Globally, the urban population has accelerated from 751 million in 1970 to 4.4 billion in 2020 indicating an unprecedented growth and has led to an important disruption towards the urban transformation (United Nations, 2018). Over 50 percent of the global population currently reside in urban areas and by 2050 the number will hit up to 70 percent (United Nations, 2019). This paradigm shift called for an immediate action and hence Smart Cities Mission (SCM) is an initiative launched in India during 2015, though this was prevalent in some parts of the globe since 1994. The emergence of the smart city is a welcome change with the solution to the congestion in cities, energy usage, and governmental inefficiency. Sustainability is a significant aspect that cannot be ignored in any urban environment scenario, specifically in the context of certain limitations it is exposed to (Bibri, 2019). Digital environments, Internet of Things sensors and artificial intelligence are promising smoother and paved way for more sustainable city living. Smart cities and climate change are holistic by themselves and connected to each other through the common goal of envisaging sustainable modern surroundings. Nevertheless, there is an escalating climate change, which is exposing urban areas to floods, heat waves, air pollution and water crisis. The paradox arises, and the cities that are technologically advanced may be the one that are environmental sensitive.

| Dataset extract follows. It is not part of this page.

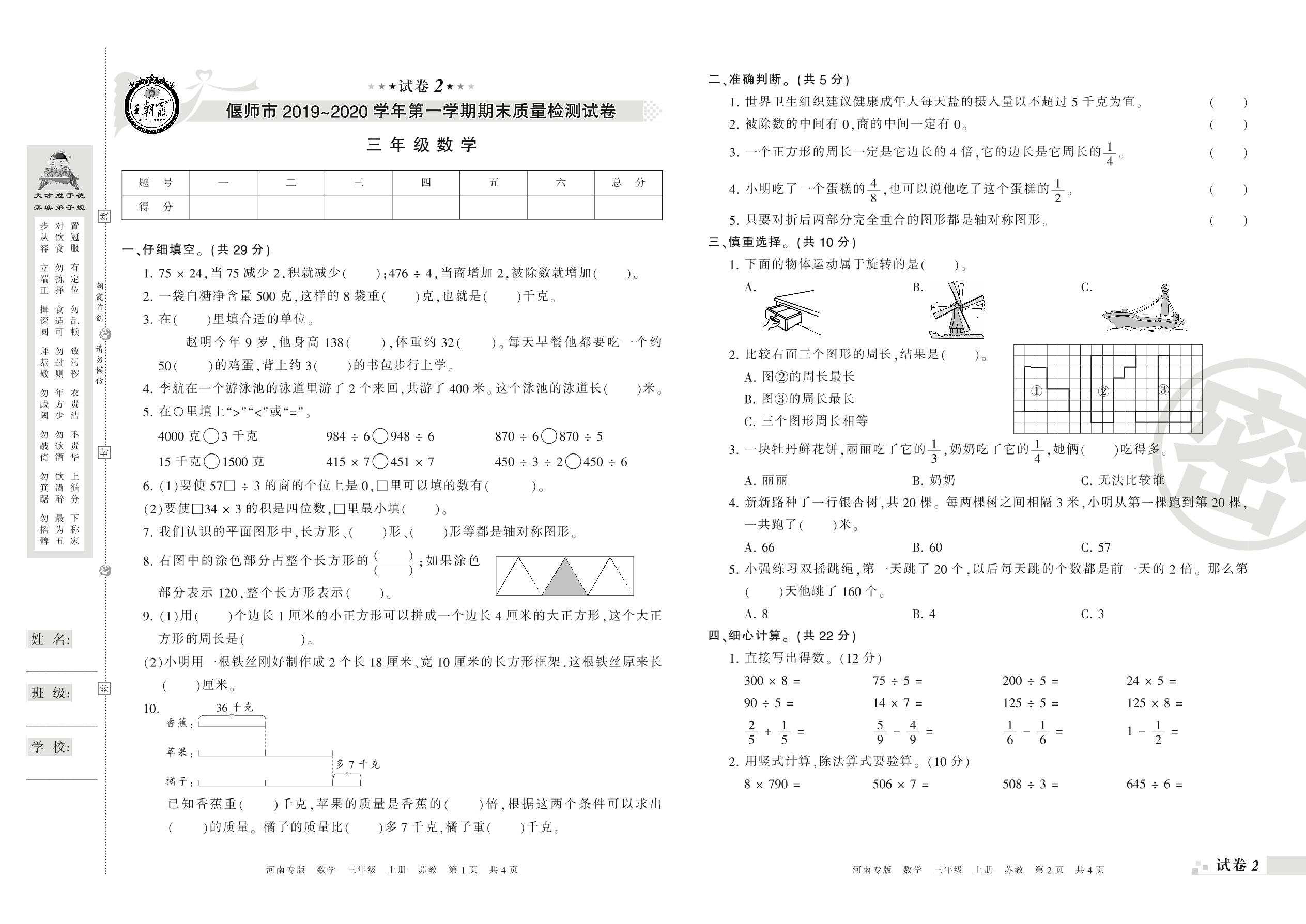 2019-2020学年第一学期偃师市三年级数学试卷(苏教版)【2】

Smartness and vulnerability

The past few years have seen the establishment of smart cities in Europe and Asia, as well as in Africa and Latin America. The Smart City model in Barcelona was used as a reference point on a world scale due to the wide range of applications of IoT in traffic, lighting and governance. However, even Barcelona was forced to change its strategy and implement a Climate Emergency Action Plan 2021-2030, introducing so-called climate shelters, greening, and dual adaptation measures to ensure the safety of the population in the city during extreme heat and floods (Ajuntament de Barcelona, 2021). Smartness was not enough to be resilient and needed to be climate-adapted.

These contradictions are witnessed in the Global South. An example of this is Delhi, in May 2022 it registered record-breaking heat of 49 C despite spending massive amounts of money on digital monitoring systems and transport (BBC, 2022). High temperatures paralyze the electricity supply and put local population at health risks. The megacity of digital promise Jakarta is literally sinking, by an average of seven centimetres a year, as the land subsides and sea levels rise (Shatkin, 2019). Its overambitious move to a new smart capital, Nusantara, is indicative of technological ambition as well as the sheer power of the climate reality.

Why resilience is missing

The empties are not difficult to detect. The investments in infrastructure often focus on monitoring tools, applications, and sensors only, whereas corporeal systems, including stormwater drainage, flood barriers, or green roofs, do not receive adequate investment. The 2015 crippling floods in Chennai unveiled this disparity. Although there was monitoring in place, the submerged city with clogged waterways and poor drainage cost billions of dollars and resulted in widespread social disruption (Seenirajan et al., 2017).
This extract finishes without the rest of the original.